Data items

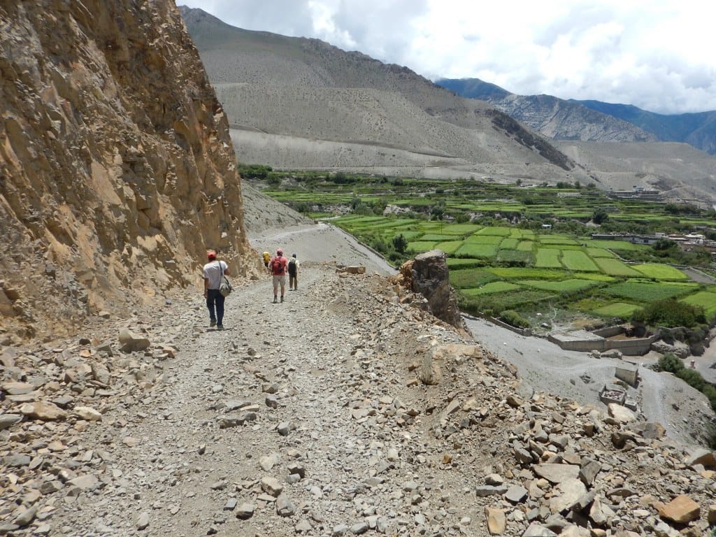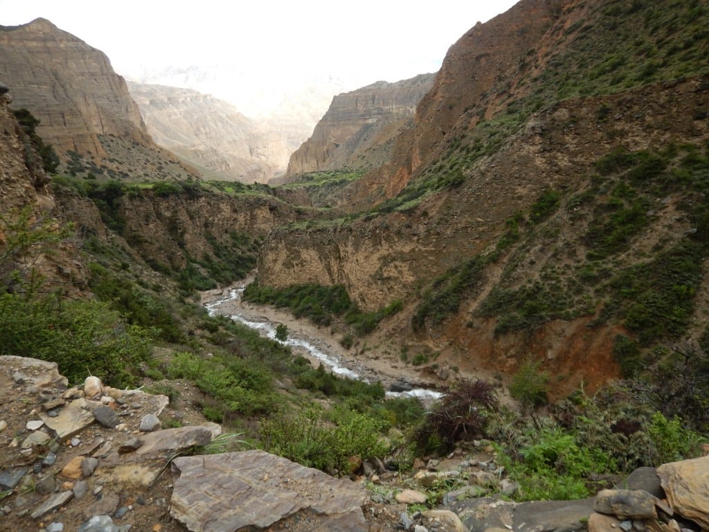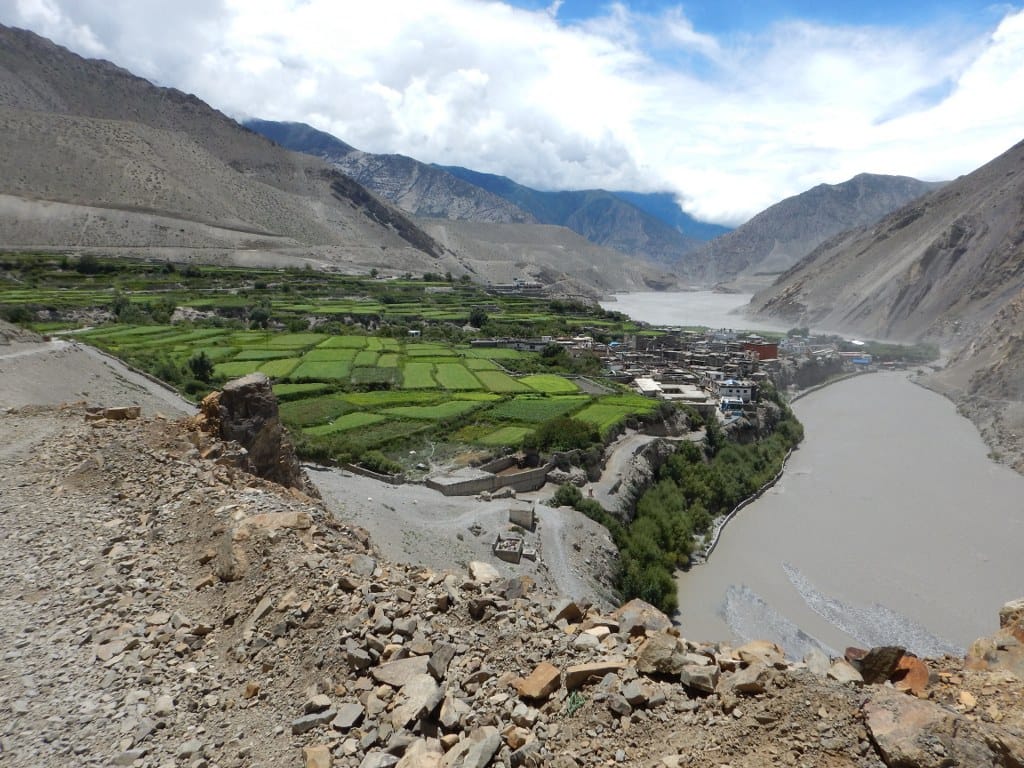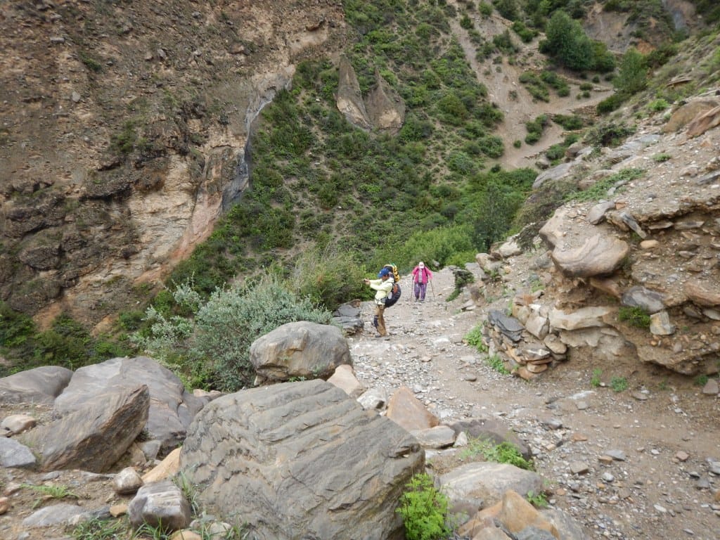 29 juli: Goedemorgen Tatopani. Vroeg eruit, ontbijten en wegwezen. We moeten te voet want verkeer vanuit Tatopani naar Jomson is niet mogelijk vanwege het weer. Gelukkig heeft Binod een drager voor onze spullen kunnen regelen, die loopt met ons mee tot Ghasa. In de hoop dat we vanaf daar met de bus/auto verder kunnen. We passeren weer prachtige piepkleine bergdropjes, watervallen enz enz. Wat dat betreft is overland wel gaver als via de lucht.
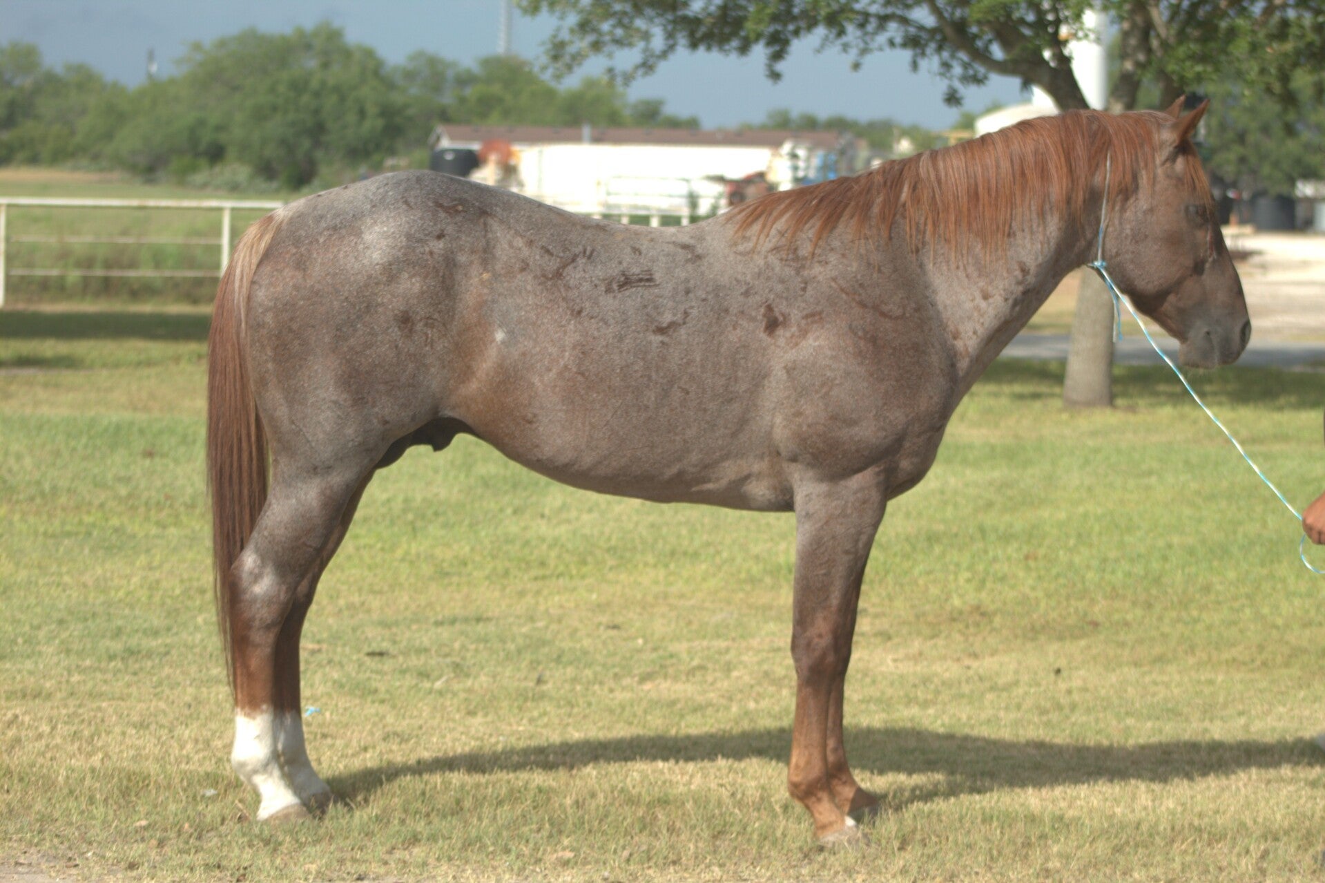 2-year-old Bay Roan filly with two hind socks. This unique filly is built correct with straight legs, good bone and a wide chest. She has been willing, intelligent and curious. This filly will be quick, athletic and will have the ability to be very diverse.
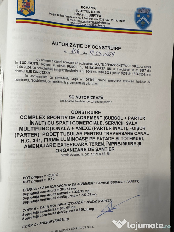 Menționez ca acest proiect este autorizat și beneficiază de Urbanism , Autorizație de Construcție , iar toate avizele și taxele sunt plătite la zi !
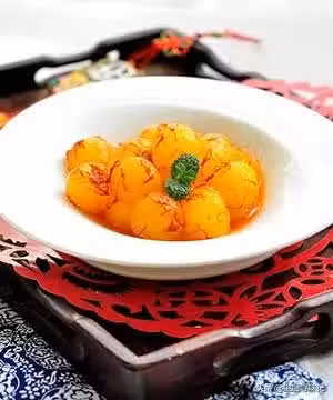第二步:鍋中放入兩杯水,加入榨出的橙汁。再加入白糖煮開。將冬瓜球放入湯汁。略煮一會,加入藏紅花汁調色。,湯汁收的差不多時,放入泡好的藏紅花。炒勻收汁出鍋即可。
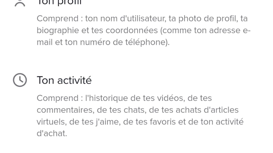 Pour prendre connaissance de ce que TikTok détient sur lui, chaque utilisateur peut demander au réseau social une copie de ses données personnelles qu'il est possible de télécharger depuis l'application.
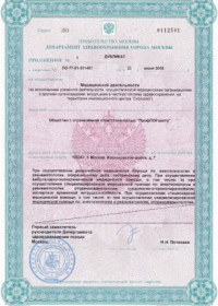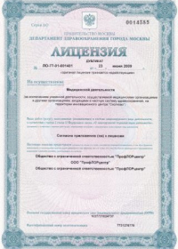 | Лицензии | 23.06.2009 Номер лицензии: ЛО-77-01-001481 Лицензируемый вид деятельности: Медицинская деятельность Дата внесения записи в реестр: 23.06.2009 Номер приказа о предоставлении лицензии: 732 Дата приказа о предоставлении лицензии: 23.06.2009 Адрес мест осуществления лицензируемого вида деятельности: 125367, Иваньковское шоссе, д. 7 |
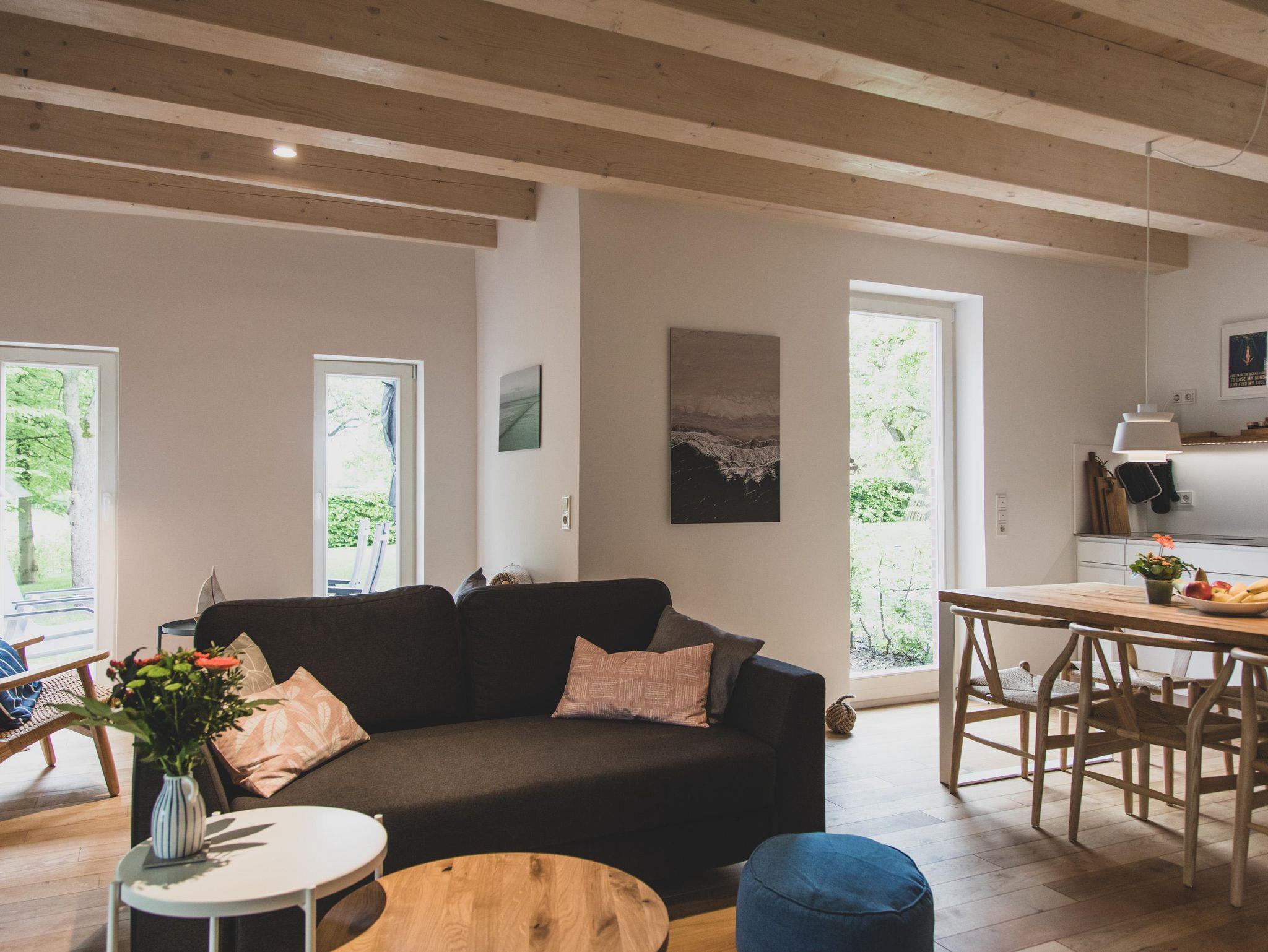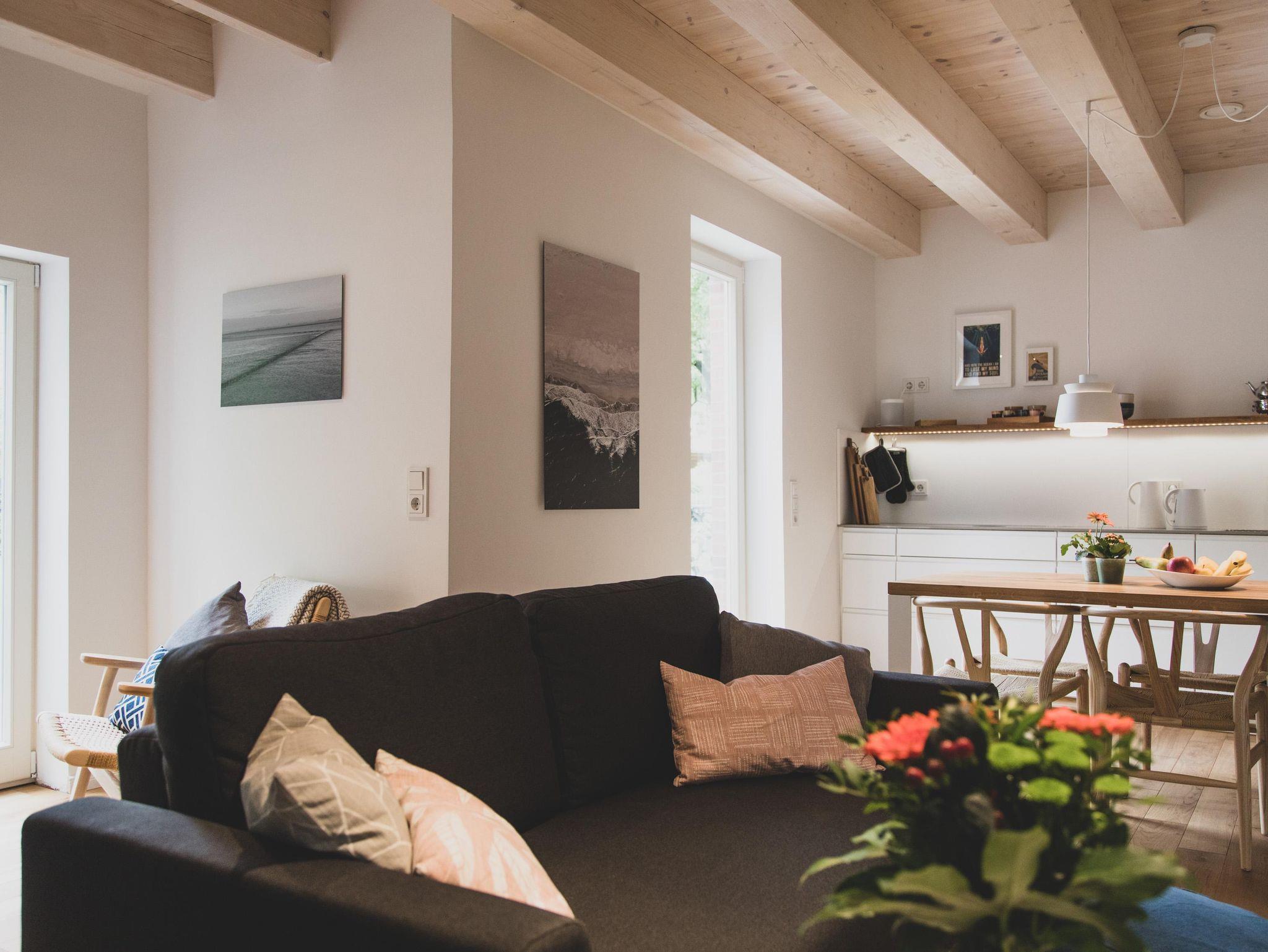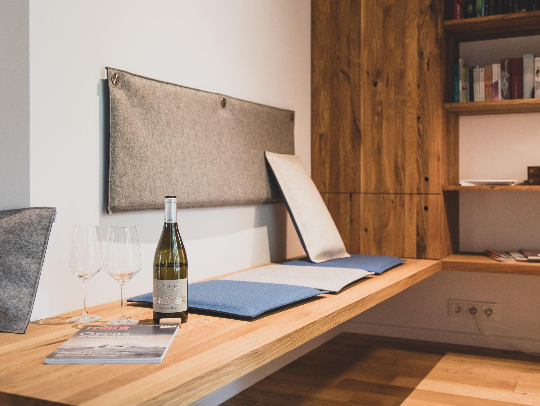 Mediale Unterhaltung bieten ein großer Fernseher mit SAT-Anschluss und kostenloses WLAN. Über das Sonos-System kannst Du Deine Lieblingsmusik abspielen. In der separaten Leseecke oder in gemütlichen Sesseln mit direktem Blick in den Birnengarten lässt es sich beim Ostfriesentee entspannt in den bereitgestellten Büchern schmökern – auch Reiseführer liegen zur optimalen Planung Deines Aufenthalts bereit.
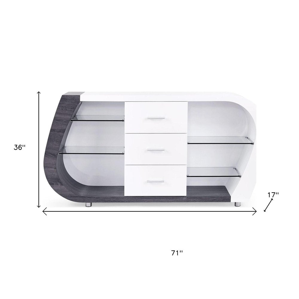 Space constraints in your dining area? Then this versatile storage buffet is the solution to all your home decorating needs. Unusual It are the hallmark of this ultra-contemporary buffet, making it immediately the eye-catching focal point of your entertainment/dining area. Storage problems disappear thanks to this buffet's abundant shelf space and drawers. Incorporating solid woods and veneers in a multi-toned White and Grey, this buffet is an easy fit for many room decors and will add drama and sophistication to any room environment. Quality construction ensures durability and long-lasting wear. This buffet is a smart choice for the discerning shopper and will give you the flexibility you need without sacrificing unique appeal.

:: WORK TO BE COMPLETED ::
Would you restate, exactly and with no pictures, the lines of the entries above from the one containing "2-year-old Bay Roan" through the one containing "Pour prendre connaissance"?

:: EXPECTED ANSWER ::
 2-year-old Bay Roan filly with two hind socks. This unique filly is built correct with straight legs, good bone and a wide chest. She has been willing, intelligent and curious. This filly will be quick, athletic and will have the ability to be very diverse.
 Menționez ca acest proiect este autorizat și beneficiază de Urbanism , Autorizație de Construcție , iar toate avizele și taxele sunt plătite la zi !
第二步:鍋中放入兩杯水,加入榨出的橙汁。再加入白糖煮開。將冬瓜球放入湯汁。略煮一會,加入藏紅花汁調色。,湯汁收的差不多時,放入泡好的藏紅花。炒勻收汁出鍋即可。
 Pour prendre connaissance de ce que TikTok détient sur lui, chaque utilisateur peut demander au réseau social une copie de ses données personnelles qu'il est possible de télécharger depuis l'application.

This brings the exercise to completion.